A relatively small number of non-farming jobs were assessed as pesticide exposed, including jobs such as urban pest controllers and jobs associated with maintenance of ornamental gardens and sports fields. The classification of all non-farming jobs as non-pesticide exposed would result in the misclassification of fewer than 1% of all jobs in this sample.

When the jobs assessed as “possibly exposed” were excluded from the multivariate analysis, the strength of all associations increased (table 2). This suggests that exposure is indeed less certain in those jobs judged “possibly exposed” compared with the “probably exposed” jobs and this should be taken into account when interpreting results of epidemiological studies where degrees of expert certainty have been used in the exposure assessment.

When analyses were repeated using only the control subjects (n = 599 jobs), the same general pattern of results emerged but with wider confidence intervals reflecting the reduction in statistical power (results not shown), indicating that the results of the analyses reported here are not likely to be biased by case selection.

Misclassification of pesticide exposure can result in errors in estimated risk of disease in epidemiological studies. In this study, using farm-related job title as an exposure surrogate resulted in sensitivity and specificity of 0.69 and 0.95, respectively.

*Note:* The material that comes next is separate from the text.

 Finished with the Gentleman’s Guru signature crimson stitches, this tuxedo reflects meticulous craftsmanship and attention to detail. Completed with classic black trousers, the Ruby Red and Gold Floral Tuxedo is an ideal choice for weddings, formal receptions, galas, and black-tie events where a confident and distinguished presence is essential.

Modelling the effect of this misclassification on odds ratio estimations using methods published by White et al30 (results not shown) demonstrated underestimation of 11%–43% in hypothetical case–control analyses where 8%–20% of cases and 5%–15% of controls were truly exposed. When only jobs on farms with crops (crop-only+mixed farms) were considered, the sensitivity rose to 0.75 but specificity was only 0.38, which resulted in a more exaggerated movement of the odds ratio towards 1.0 (26%–67% difference).

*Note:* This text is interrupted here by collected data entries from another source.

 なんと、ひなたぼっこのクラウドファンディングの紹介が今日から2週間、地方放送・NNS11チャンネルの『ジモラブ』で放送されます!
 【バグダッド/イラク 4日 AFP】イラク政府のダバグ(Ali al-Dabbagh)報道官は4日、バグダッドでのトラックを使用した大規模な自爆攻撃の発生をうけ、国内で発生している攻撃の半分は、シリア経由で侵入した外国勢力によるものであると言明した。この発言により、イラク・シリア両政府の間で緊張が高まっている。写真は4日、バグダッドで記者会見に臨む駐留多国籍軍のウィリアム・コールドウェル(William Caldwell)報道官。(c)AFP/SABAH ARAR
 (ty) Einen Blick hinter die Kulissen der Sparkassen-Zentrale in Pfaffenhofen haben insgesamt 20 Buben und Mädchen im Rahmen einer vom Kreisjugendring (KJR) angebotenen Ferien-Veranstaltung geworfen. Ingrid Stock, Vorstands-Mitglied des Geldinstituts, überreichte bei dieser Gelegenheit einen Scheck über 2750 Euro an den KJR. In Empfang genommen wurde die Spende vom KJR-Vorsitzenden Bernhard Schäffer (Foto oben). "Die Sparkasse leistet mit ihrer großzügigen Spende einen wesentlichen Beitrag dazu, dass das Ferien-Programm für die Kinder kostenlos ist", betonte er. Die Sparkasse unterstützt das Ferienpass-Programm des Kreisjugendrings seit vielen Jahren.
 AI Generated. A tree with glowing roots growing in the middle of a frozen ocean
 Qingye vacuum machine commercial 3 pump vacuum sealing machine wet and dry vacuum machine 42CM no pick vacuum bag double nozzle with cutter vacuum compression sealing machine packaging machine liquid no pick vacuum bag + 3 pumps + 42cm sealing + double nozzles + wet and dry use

For the purpose of this paper we have considered all pesticides as a single exposure category. However, pesticides are a group of diverse chemicals with varying toxicities and human health effects. In research investigating associations with specific health outcomes, an exposure definition such as “exposed to any pesticides” may be inadequately specific. The present analysis demonstrates that even when all pesticides are considered together, the proportion of farm workers with exposure is still low and exposure to specific products would be lower still. This indicates the importance of detailed, pesticide-specific exposure assessment of farm workers in studies investigating particular health outcomes.

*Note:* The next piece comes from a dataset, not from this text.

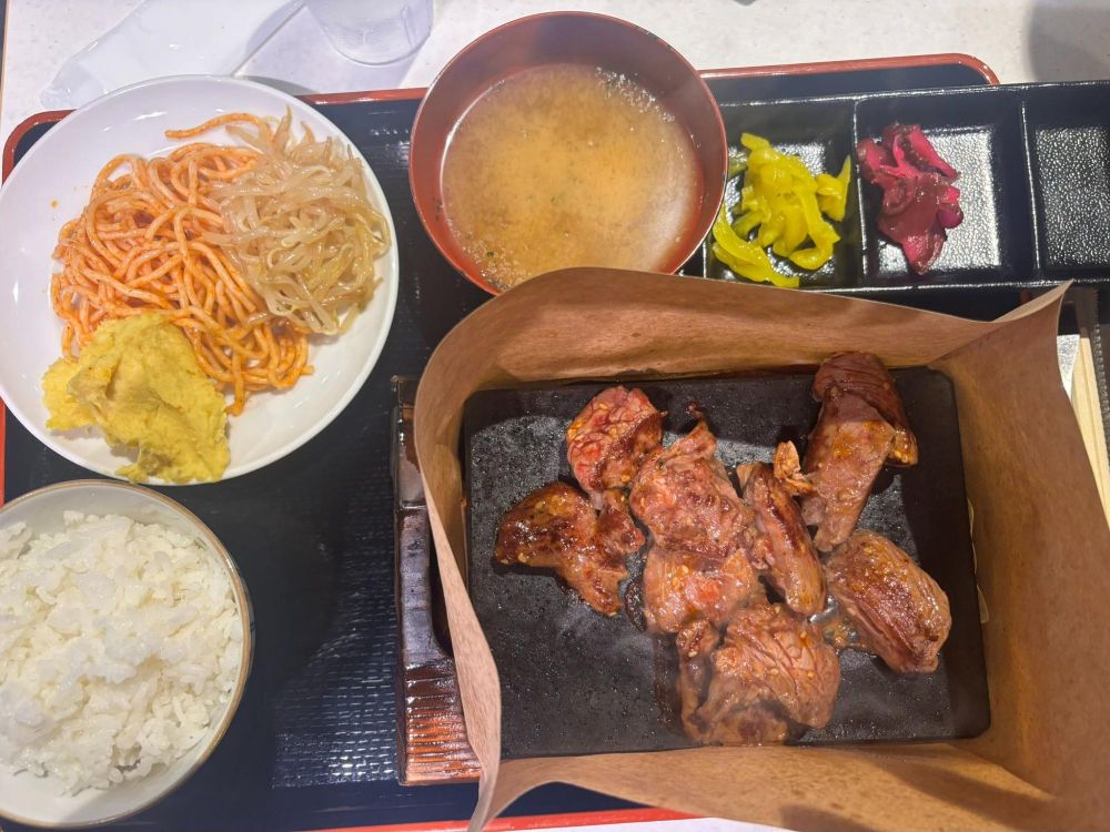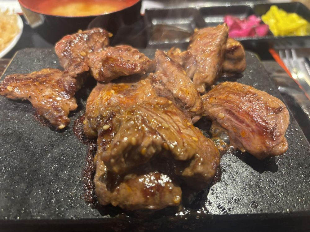 こちらが1000円の通常サイズです。ステーキの量が少なく感じるかもしれませんが、思ったほどボリュームがありました。
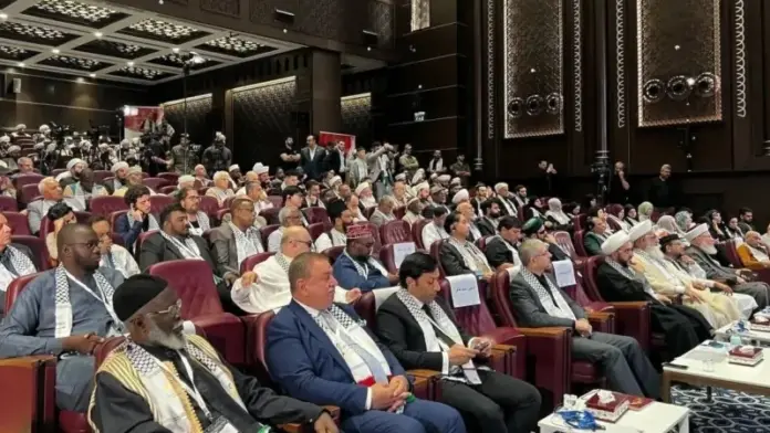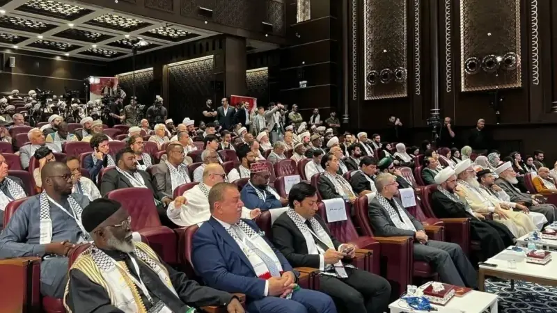 وأشاد المؤتمر بمواقف الدول والشعوب التي وقفت إلى جانب الشعب الفلسطيني، مثمنًا بشكل خاص المواقف الصريحة للمرجعيات الدينية في العراق، وعلى رأسها المرجع الأعلى السيد علي السيستاني.

One of the strengths of this research is that the subject group was derived from a community-based case–control study. It is therefore reasonable to assume that the study sample is representative of the male workforce in Western Australia. Also, because the case–control study concerned a disease predominantly of late adulthood, we had complete or nearly complete career histories for all subjects. The JSM-assisted expert exposure assessment also provided detailed and specific exposure information for the majority of jobs, providing a high degree of confidence in the exposure assessment.

CONCLUSIONS

These results suggest that farm job titles alone are an inadequate surrogate for likely pesticide exposure and that future epidemiological research should emphasise more sophisticated exposure assessment methods. Classification of all farm-related jobs as pesticide exposed is likely to result in substantial over-estimation of the number of exposed workers. In assessing exposure to agricultural pesticides in Australia and similar contexts, researchers should be aware that exposure to pesticides may be more likely in jobs on farms where crops are grown, workers with long lengths of service and workers who commenced in jobs since 1980. Conversely, workers who raise animals and those with short lengths of service and jobs in earlier decades may have a lower likelihood of pesticide exposure.

Researchers should also be aware that although pesticide exposure exists in other sectors, the proportion of pesticide-exposed jobs outside farming is small and therefore classifying non-agricultural jobs as not exposed to pesticides is unlikely to lead to significant misclassification in population-based studies.